00:22:33.840 We have also developed a tool named ToxyProxy, which simulates service disruptions, optimizing our routing logic to ensure graceful degradation. By doing this within our testing environments, we can validate that our code will handle outages in an expected manner while preventing users from experiencing extensive downtimes.
00:23:27.040 In summary, we have taken strides to enhance our application resilience, ensuring that our users have an uninterrupted experience even when third-party services experience outages. The data-driven alerts we set up help uncover and address such situations in real time.
00:24:11.440 We are conscious of the various third-party dependencies we rely on and continuously aspire to develop failover mechanisms to safeguard our performance. This includes manual circuit breakers that we can engage during high traffic days, like Black Friday, ensuring smooth service for those merchants not using affected systems.
00:25:10.880 As one final point, while we achieve strong performance metrics, unforeseen complications can arise that we constantly mitigate through monitoring tools and proactive approaches to scaling.

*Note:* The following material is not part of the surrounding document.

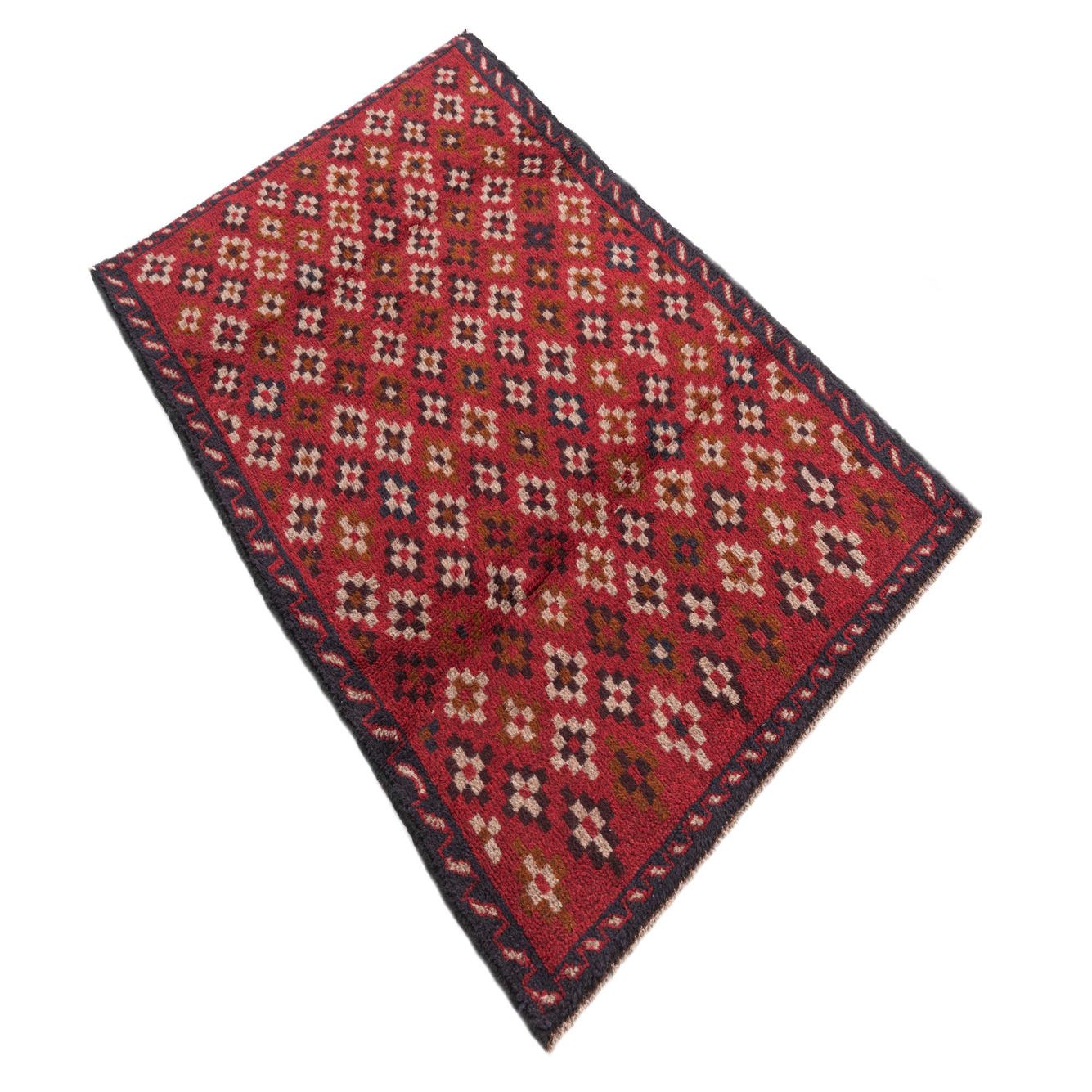This Balouch collection rug is a hand-knotted 3x5 piece, crafted with 100% wool, offering a textured feel underfoot. The rug showcases a burgundy background enlivened by a pattern of repeated geometric motifs in a harmonious palette that includes maroon, navy blue, terracotta, and light brown. The design carries a traditional aesthetic with symmetrical arrangements that convey a sense of order and heritage.

00:26:09.760 To summarize our strategies, we implement thorough testing protocols, careful monitoring, and resilient coding practices to maintain high availability even during massive influxes of traffic. We must remain vigilant in our approach to scaled systems, adopting new tools and processes that anticipate potential failure points.
00:30:01.520 As I conclude, I hope my insights on scaling our Rails app during peak periods—such as Black Friday and Cyber Monday—have been informative. Thank you for your time!